After their initial feud, Brad (Will Ferrell) and Dusty (Mark Wahlberg) have managed to put their differences aside and become not just great co-dads but even - dare I say it? - best friends. While Brad is now married to Dusty’s ex Sara (Linda Cardellini) and step dad to Dylan (Owen Vaccaro) and Megan (Scarlett Estevez), Dusty is managing a new family structure too, helping out with his kids as well as being a husband to Karen (Alessandra Ambrosio) and step father to Adrianna (Didi Costine).
Dusty and Brad decide that it would be a great idea if they could get the whole family together for Christmas, but when their own dads Don and Kurt (John Lithgow and Mel Gibson) arrive to spend the holidays with them, the delicate balance of the household starts to crumble.
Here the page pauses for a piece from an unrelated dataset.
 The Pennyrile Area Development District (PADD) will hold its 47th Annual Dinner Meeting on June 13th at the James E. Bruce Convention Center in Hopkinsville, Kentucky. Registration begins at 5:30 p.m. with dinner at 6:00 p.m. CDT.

Irreverent, brash and silly – those are just a few words to describe the comedic quality of Daddy’s Home 2 and if you don’t like your comedy as such, you best stay away. There’s a lot of reliance on slapstick humour and inappropriate behaviour for laughs which is essentially a continuation and furtherance of its predecessor, so again, if the first Daddy’s Home wasn’t your cup of tea, you won’t enjoy this one.
So why the three star rating, you might ask? And indeed it’s a higher rating than I gave to the other holiday comedy sequel offering we had of late (I refer of course to A Bad Moms Christmas, which is truly, honestly, woefully bad). My reason for this is I found myself laughing along in spite of myself. Was I crazy, or is this actually a comically confident script with clever casting to boot? My inclination is towards the latter.
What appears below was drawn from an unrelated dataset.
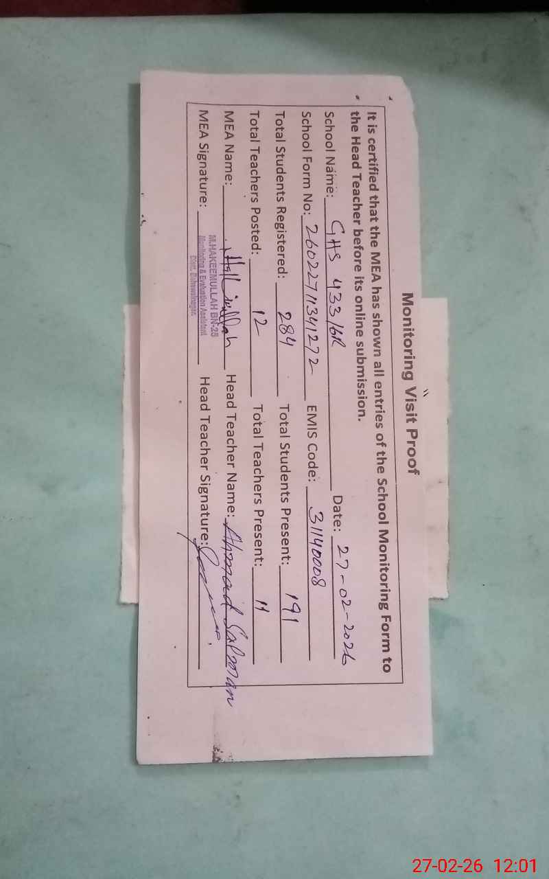 | EMIS Code: 31140008 | Name of School: GHS CHAK NO. 433/6-R | |||

The movie marks Ferrell and Wahlberg’s third movie together (having also played a duo of detectives in The Other Guys) and they share great chemistry on the screen. They're one of those mismatched pairs that just works, and then throwing Lithgow and Gibson into the mix was a move that really paid off. Gibson is clearly having a ball with the ensemble – although the misogynist jokes he makes feel a bit too real and discomforting at times – while Lithgow’s Don is just a delight throughout. The alternate pairings between the four leads lead to several laugh-out-loud moments while the chaos of the extended family all bunched together (especially when joined later by John Cena, who plays Adrianna's dad) also proves entertaining.
Look, it’s not going to be a Christmas classic, and in spite of a PG cert, I’d be pushed to deem it ‘family friendly’, but sure more of the jokes land than don’t, the four lads are great craic together, and you can’t fault its resolve to spread that holiday cheer.